Documents EP 0354775 A, GB 2255923 A and US 4484418 A describe a cast iron disk / faceted circle on which small crystalline diamonds are bonded to grind diamonds in the traditional way.

This traditional processing method is comparable to the grinding of mechanical parts, where, for example, abrasive powder is fed to a rotating cast iron disk with a certain amount of oil and mechanically fixed in the pores of cast iron.

Besides the fact that diamond is extremely difficult to process, the effectiveness of known machining operations is highly dependent on the orientation of the diamond crystal structure with respect to the direction of processing.

Some processing operations are not allowed in certain directions, while other operations each time require a suitable processing direction to be determined experimentally. This limits and complicates the processing operation and affects the time of the operation and the requirements for the equipment and tools used.

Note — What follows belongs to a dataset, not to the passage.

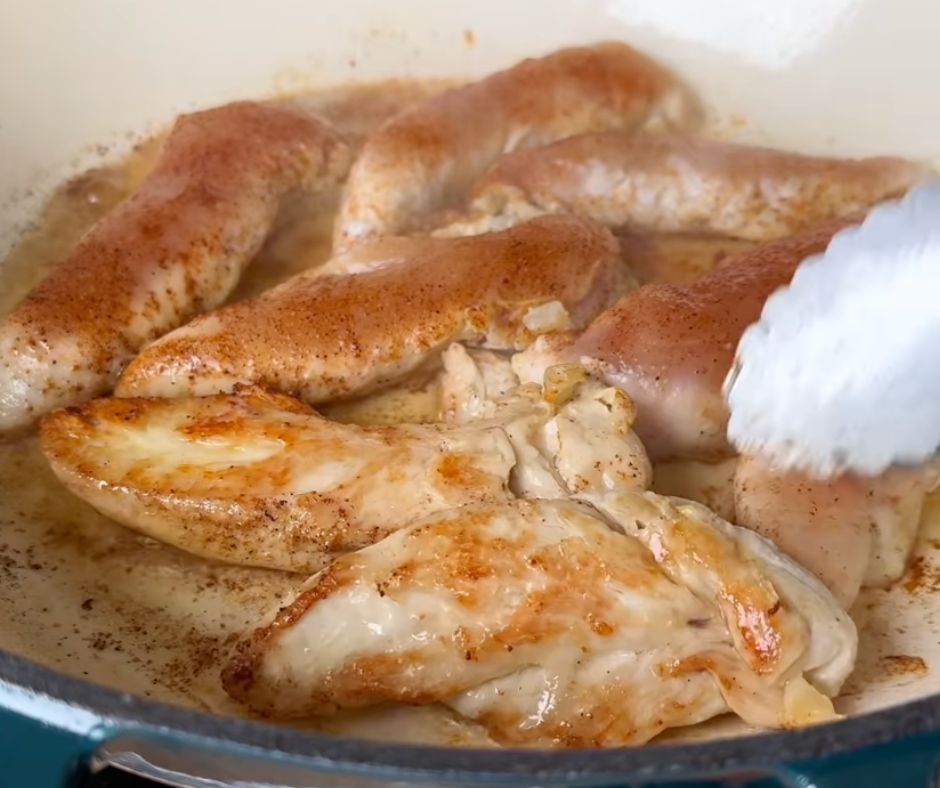 - Season the chicken tenders with Creole seasoning, then sear for 3-4 minutes per side until golden brown.

Thus, when grinding diamond, the performance of material removal from the diamond to be processed will greatly depend on the orientation of the processing direction relative to the orientation of the crystal. In addition, the machining of polycrystalline diamond, in which the crystals have different orientations, is extremely difficult.

The invention is aimed at eliminating these disadvantages due to the method of machining diamond, in which the processing is almost independent of the direction of processing relative to the orientation of the crystal and in which there are no additional restrictions associated with the origin (for example, natural diamond grown at high pressure and high temperature or chemically precipitated from the gas phase), the field of application (for example, gemstone, industrial diamond or diamond for use in electronics), external geometry or quality (n example, monocrystalline or polycrystalline diamond) of the diamond to be processed.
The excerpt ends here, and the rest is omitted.